Each line in the material below, starting at the one with "Pure Cotton Heavyweight" and ending at the one with "Wenn mehr Menschen", is to be reproduced exactly; no picture is to be copied.

§ **Provided material**:

↓↓↓

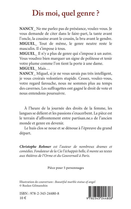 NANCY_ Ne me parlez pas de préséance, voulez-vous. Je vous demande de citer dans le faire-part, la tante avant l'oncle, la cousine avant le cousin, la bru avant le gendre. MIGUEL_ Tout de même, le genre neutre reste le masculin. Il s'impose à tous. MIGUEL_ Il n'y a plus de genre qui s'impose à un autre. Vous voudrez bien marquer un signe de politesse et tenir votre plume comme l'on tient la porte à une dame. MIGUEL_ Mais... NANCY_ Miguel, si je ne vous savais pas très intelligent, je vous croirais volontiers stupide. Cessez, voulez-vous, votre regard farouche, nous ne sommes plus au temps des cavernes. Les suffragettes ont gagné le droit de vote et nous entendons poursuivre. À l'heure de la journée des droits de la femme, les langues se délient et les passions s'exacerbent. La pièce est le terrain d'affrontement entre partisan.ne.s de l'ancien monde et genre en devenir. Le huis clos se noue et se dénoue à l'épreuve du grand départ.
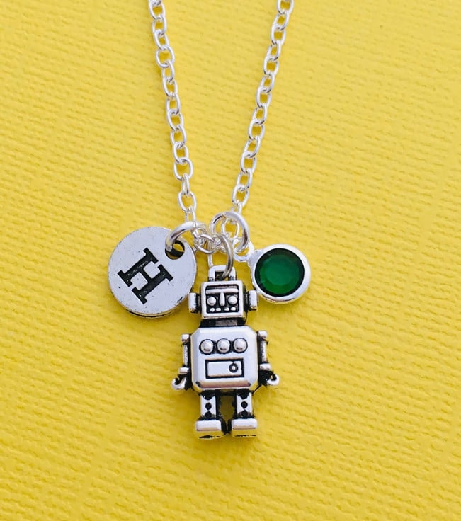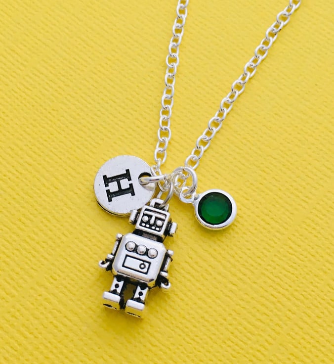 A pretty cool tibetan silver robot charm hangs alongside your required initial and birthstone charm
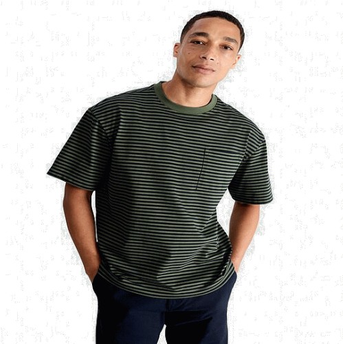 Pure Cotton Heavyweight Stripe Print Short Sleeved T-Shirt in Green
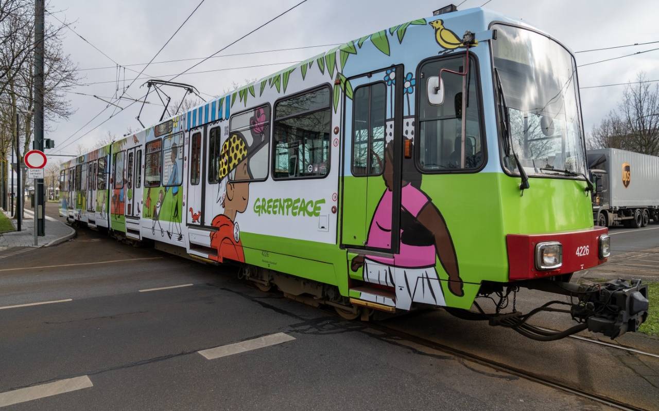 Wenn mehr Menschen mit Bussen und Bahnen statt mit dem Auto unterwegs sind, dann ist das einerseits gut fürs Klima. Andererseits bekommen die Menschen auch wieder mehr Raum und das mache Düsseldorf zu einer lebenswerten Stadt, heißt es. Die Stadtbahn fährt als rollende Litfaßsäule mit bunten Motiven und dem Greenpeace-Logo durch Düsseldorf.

↑↑↑
↓↓↓

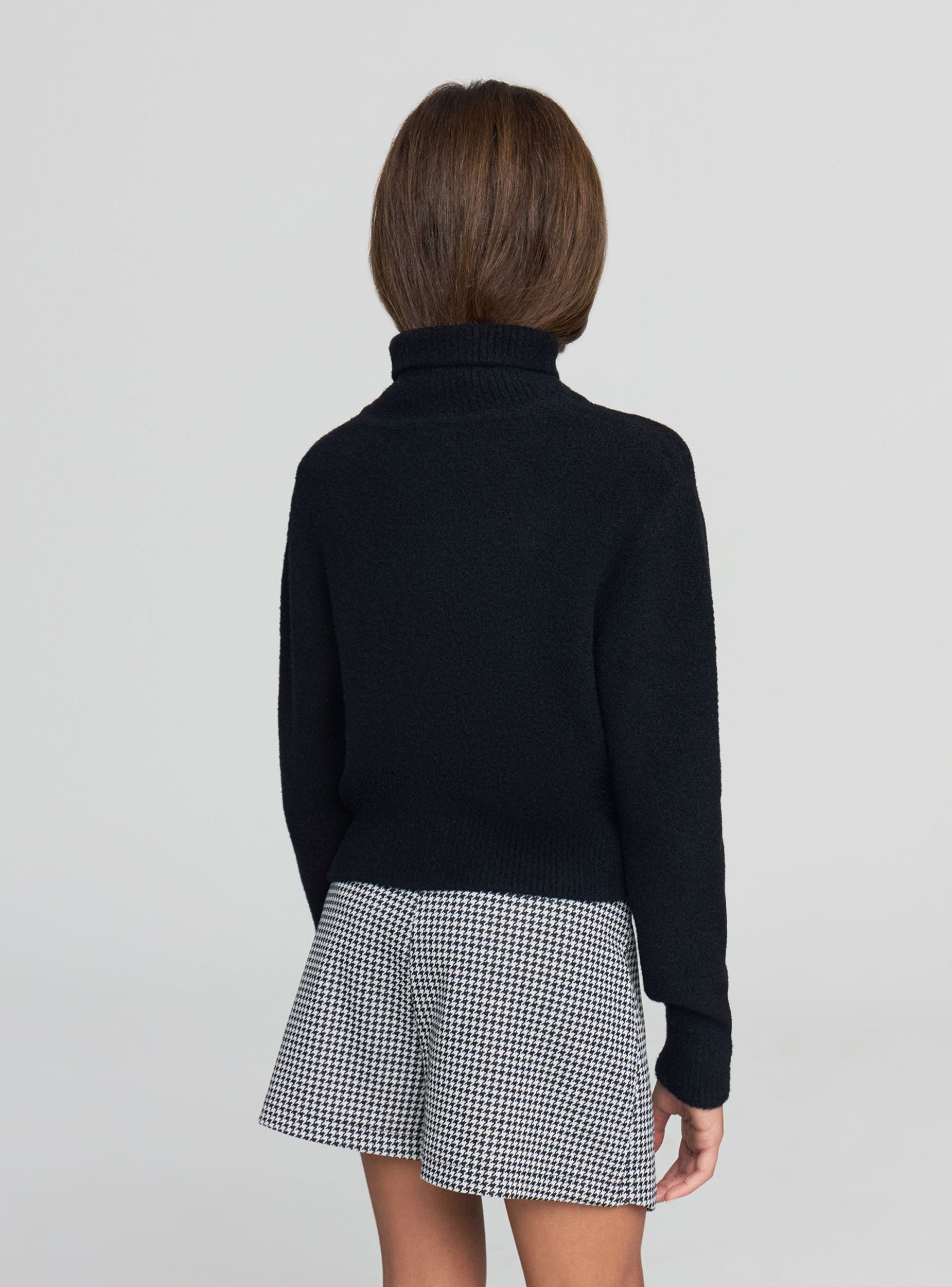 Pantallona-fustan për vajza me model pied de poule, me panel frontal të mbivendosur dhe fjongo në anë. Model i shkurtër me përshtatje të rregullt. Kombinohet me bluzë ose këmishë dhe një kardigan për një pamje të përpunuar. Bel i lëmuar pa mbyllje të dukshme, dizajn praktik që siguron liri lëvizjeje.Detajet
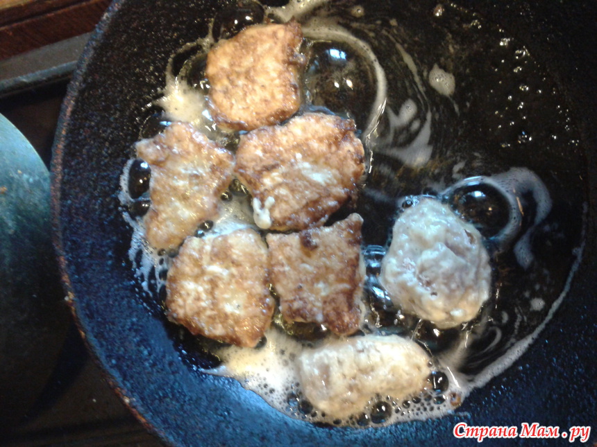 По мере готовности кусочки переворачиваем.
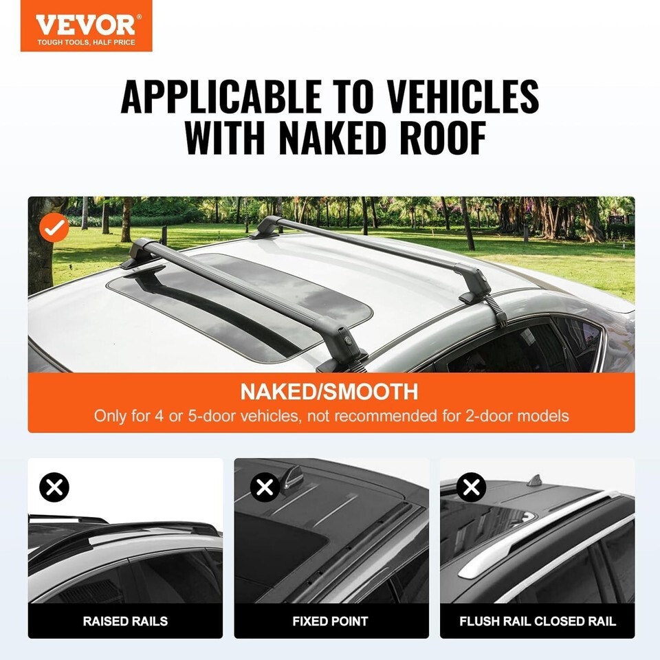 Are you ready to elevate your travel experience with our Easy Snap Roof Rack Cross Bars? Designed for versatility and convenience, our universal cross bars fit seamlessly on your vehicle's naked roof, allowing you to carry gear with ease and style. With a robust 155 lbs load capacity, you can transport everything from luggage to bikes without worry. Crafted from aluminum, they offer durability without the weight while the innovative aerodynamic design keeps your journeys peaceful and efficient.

↑↑↑
↓↓↓

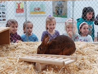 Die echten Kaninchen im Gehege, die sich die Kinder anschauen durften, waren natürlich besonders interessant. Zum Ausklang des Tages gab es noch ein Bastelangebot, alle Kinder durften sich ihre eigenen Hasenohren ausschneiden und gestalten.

↑↑↑

§ **Output**:
 Pure Cotton Heavyweight Stripe Print Short Sleeved T-Shirt in Green
 Wenn mehr Menschen mit Bussen und Bahnen statt mit dem Auto unterwegs sind, dann ist das einerseits gut fürs Klima. Andererseits bekommen die Menschen auch wieder mehr Raum und das mache Düsseldorf zu einer lebenswerten Stadt, heißt es. Die Stadtbahn fährt als rollende Litfaßsäule mit bunten Motiven und dem Greenpeace-Logo durch Düsseldorf.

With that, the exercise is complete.